Weight loss is far more influenced by diet than exercise. While rock climbing can contribute to a caloric deficit and increase muscle mass, a balanced diet is crucial for effective weight loss. The real way to lose weight is to ensure that you’re consuming fewer calories than you’re burning, not trying to burn calories as much as possible.
Here are a few more things to consider when you think about rock climbing and losing weight.
Check with a Professional
Always consult with a healthcare professional or a fitness trainer before embarking on a serious weight loss journey, especially if you have any existing health concerns or injuries. They can provide personalized advice based on your health status, and more importantly, tell you if you should even be losing weight in the first place.
Take a Balanced Approach
If you do decide to lose weight, aim for a gradual and sustainable approach. Rapid weight loss can lead to decreased muscle mass and energy, which will negatively impact your climbing performance and overall health. Again, check with a professional!
Climbing is a physically demanding activity. If you’re trying to lose weight and improve as a climber, you can easily get caught up in the weeds and develop an eating disorder. Climbing is notorious for its link to “relative energy deficiency” (RED-S), a disorder where athletes develop a deficiency of food intake to the energy needed.
So ensure that your diet provides enough energy and nutrients to support your climbing sessions and overall health. A dietitian can help create a meal plan that aligns with your weight loss and climbing goals.
Listen to Your Body and Mind
Pay attention to how your body responds to climbing. If you feel excessively tired, weak, or prone to injuries, it might indicate that your body needs more fuel or rest. In addition, consider the mental aspect of both climbing and weight loss. Both activities can be mentally challenging, and it’s important to maintain a healthy and positive mindset.
Conclusion: Climbing and Weight Loss
Rock climbing offers a unique blend of physical and mental challenges, making it an exceptional activity for overall fitness and well-being, rather than just a means to lose weight.
Climbing is a comprehensive workout that engages multiple muscle groups across the body. Arms, legs, back, and core are all put to work constantly, ensuring a balanced development of strength. This full-body engagement not only enhances muscle tone but also improves overall physical endurance and flexibility.
Remember, your strength-to-weight ratio is the key performance factor in your climbing prowess. Developing muscle strength is often more beneficial than merely focusing on weight loss, unless you’re currently living at an unhealthy weight (i.e. clinically obese).
If you are looking to lose weight for health reasons, climbing can certainly help, but you have to recognize that diet, not exercise, is the leading factor in weight loss. Focusing on constructing a sustainable, healthy diet plan with a professional dietician (and sticking to it!) is the fastest and healthiest way to lose weight.
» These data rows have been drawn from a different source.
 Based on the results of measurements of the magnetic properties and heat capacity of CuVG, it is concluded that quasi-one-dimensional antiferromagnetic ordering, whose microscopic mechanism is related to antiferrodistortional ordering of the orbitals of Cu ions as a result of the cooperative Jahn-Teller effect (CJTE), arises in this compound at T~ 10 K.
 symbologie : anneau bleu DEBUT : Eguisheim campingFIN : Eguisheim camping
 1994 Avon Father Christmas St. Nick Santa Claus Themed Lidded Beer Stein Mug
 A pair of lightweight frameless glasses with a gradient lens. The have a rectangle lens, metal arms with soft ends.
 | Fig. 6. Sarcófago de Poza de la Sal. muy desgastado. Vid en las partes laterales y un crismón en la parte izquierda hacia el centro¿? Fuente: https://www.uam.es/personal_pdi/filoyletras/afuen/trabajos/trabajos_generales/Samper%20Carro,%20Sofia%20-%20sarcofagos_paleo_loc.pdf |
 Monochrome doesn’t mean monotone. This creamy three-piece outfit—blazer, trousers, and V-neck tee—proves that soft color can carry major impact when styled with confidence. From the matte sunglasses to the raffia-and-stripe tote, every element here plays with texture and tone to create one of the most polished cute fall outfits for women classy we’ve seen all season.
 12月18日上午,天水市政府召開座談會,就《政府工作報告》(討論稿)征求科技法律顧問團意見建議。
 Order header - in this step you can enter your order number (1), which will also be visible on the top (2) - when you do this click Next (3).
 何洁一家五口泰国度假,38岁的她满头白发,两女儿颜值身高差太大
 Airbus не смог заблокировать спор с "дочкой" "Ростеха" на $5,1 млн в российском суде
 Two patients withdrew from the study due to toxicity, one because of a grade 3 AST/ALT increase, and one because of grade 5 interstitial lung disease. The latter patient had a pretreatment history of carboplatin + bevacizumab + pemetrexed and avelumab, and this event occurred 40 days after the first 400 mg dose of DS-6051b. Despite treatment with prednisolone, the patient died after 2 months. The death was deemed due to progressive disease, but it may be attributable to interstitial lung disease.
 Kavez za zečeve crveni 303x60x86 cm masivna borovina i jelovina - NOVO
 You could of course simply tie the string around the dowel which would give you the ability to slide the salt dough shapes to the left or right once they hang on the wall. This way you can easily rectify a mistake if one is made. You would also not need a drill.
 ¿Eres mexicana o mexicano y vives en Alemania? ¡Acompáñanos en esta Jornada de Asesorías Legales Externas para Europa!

It’s important to remember that physical activities like climbing should be approached with a mindset of self-care and positivity. Focusing solely on weight loss as you jump into rock climbing can overshadow the many other benefits of the sport, including improved mental health, increased strength, and the joy of being part of a vibrant community.
Climbing is about celebrating what your body can do, not just how it looks. It’s about challenging yourself, overcoming obstacles, and enjoying the journey, not just the destination.
Embrace climbing for the plethora of benefits it offers. It’s a journey towards better health, a stronger body, and a more focused mind, all wrapped up in an exhilarating and supportive environment.
Above all else, remember that maintaining a healthy weight is far more important than being a strong climber. Overall health should always come first and climbing performance second. If you keep this in mind, you’re sure to improve your climbing ability along the way!